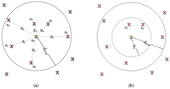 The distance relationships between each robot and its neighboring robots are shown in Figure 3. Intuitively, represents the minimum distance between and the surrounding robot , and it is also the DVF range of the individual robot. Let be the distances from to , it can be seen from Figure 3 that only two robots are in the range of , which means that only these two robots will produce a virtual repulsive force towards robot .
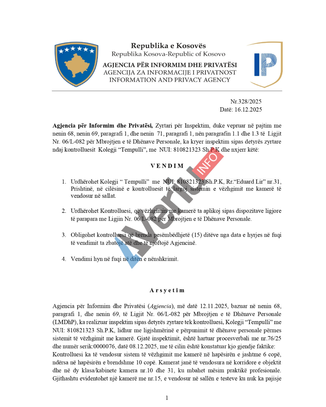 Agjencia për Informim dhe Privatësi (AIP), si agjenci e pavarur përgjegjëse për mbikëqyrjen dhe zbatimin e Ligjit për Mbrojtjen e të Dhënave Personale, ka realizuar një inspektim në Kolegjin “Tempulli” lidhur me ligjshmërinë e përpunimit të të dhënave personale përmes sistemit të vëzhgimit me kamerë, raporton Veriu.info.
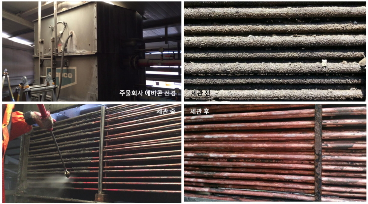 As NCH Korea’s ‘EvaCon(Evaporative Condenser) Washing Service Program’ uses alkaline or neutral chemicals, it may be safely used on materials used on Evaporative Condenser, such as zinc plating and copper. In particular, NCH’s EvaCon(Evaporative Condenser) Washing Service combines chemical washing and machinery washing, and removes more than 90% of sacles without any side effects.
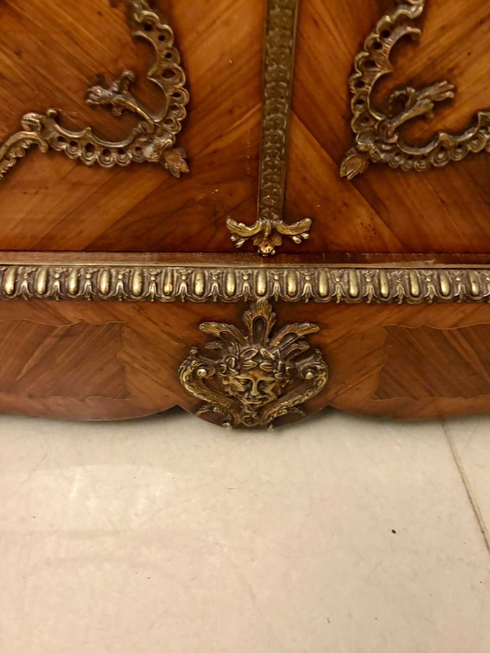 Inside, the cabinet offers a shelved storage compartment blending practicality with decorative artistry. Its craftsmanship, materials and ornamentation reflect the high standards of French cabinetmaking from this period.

:: To do ::
Find the line containing "Agjencia për Informim" in the listing above. Please restate word for word that line through the last one, leaving out the pictures.

:: Worked solution ::
 Agjencia për Informim dhe Privatësi (AIP), si agjenci e pavarur përgjegjëse për mbikëqyrjen dhe zbatimin e Ligjit për Mbrojtjen e të Dhënave Personale, ka realizuar një inspektim në Kolegjin “Tempulli” lidhur me ligjshmërinë e përpunimit të të dhënave personale përmes sistemit të vëzhgimit me kamerë, raporton Veriu.info.
 As NCH Korea’s ‘EvaCon(Evaporative Condenser) Washing Service Program’ uses alkaline or neutral chemicals, it may be safely used on materials used on Evaporative Condenser, such as zinc plating and copper. In particular, NCH’s EvaCon(Evaporative Condenser) Washing Service combines chemical washing and machinery washing, and removes more than 90% of sacles without any side effects.
 Inside, the cabinet offers a shelved storage compartment blending practicality with decorative artistry. Its craftsmanship, materials and ornamentation reflect the high standards of French cabinetmaking from this period.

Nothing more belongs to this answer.